2 Replies to “Dívida: mas quando começou?”

  1. Querido Leonardo: fico contente com a tua disposição em voltar a nos ensinar.Portanto me esforço em tentar fazer as perguntas boas, porque creio que ajuda boas respostas.
    1. Em que basicamente o futuro próximo será diferente para humanos comuns, tipo eu (aposentada, curso superior, no Brasil)e teu amigo Max (prestador de serviços,curso superior, em Portugal)? E, se a situação fosse invertida: eu, reformada, com + de 60 anos em Portugal, e Max, com + de 40 no Brasil?
    2. Caberá tentar reunir ativos, caso seja possível, e de que tipo, não esquecendo que a tendência a desvalorização parece ser grande?
    3. Para onde tentar direcionar garantias ou condições de sobrevivência, ainda com diminuição de qualidade de vida e diminuição de consumo?
    Faço essas perguntas menores, referidas a micro economia de pessoas, porque penso que se tentamos pensar a economia das nações, cabe bem também pensar economias particulares. Por isso tomo eu e teu amigo humano como exemplos – poderia ser qualquer um de nós, frequentadores de ii – para te questionar sobre medidas econômicas mais viáveis, diante das previsões nada simpáticas que mais ou menos se avizinham, e vamos nos deparar.
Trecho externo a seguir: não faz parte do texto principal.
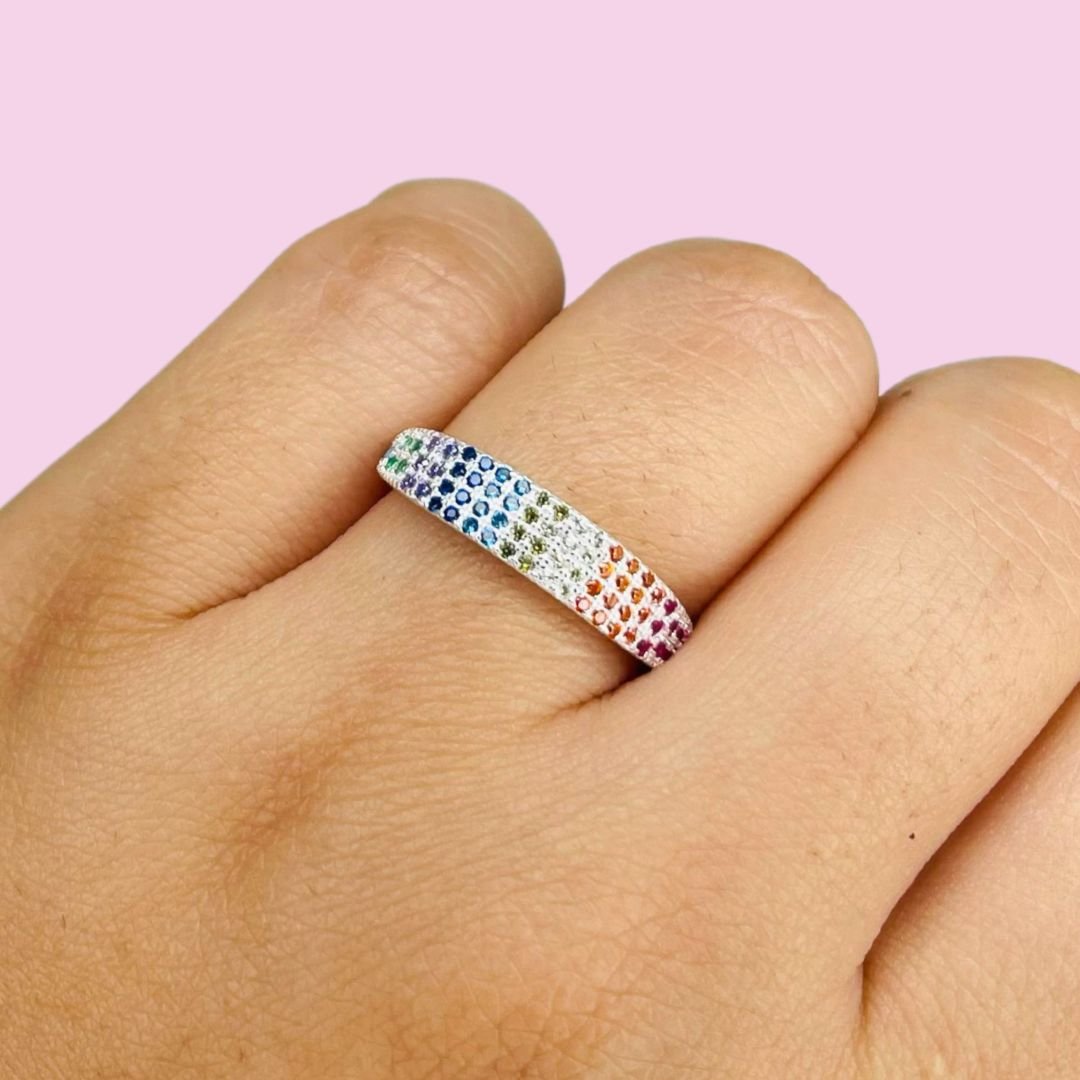 Anillo Multicolor de micropave Plata Italiana

Parece que todos pensam que serão afetados, mais ou menos. Então…achas que nossas vidas vão continuar tal e qual? Que providências, mesmo não alarmistas,a tua sabedoria canina nos aponta? Abraços

  2. Relativamente à divida dos EUA eu acrescentaria aos factores já descritos pelo Leo, os seguintes:

    A criação do Sistema de Reserva Fracçionária, o qual veio permitir que através de simples operações de credito bancário a multiplicação da divida no sistema até várias vezes o capital principal.

    e ainda:

    A abolição da lei Glass-Steagall, criada em 1933 após a grande depressão, e abolida pelo Clinton em 1999.
    Básicamente esta lei possibilitava a protecção do dinheiro dos depositantes normais a través da separação dos bancos de investimento dos demais. Com a abolição desta lei os bancos ( já promovidos a bancos de investimento) a seu bel prazer têm utilizado o dinheiro dos cidadãos para o investirem onde todos já sabemos. As consequências tambem já são por demais conhecidas.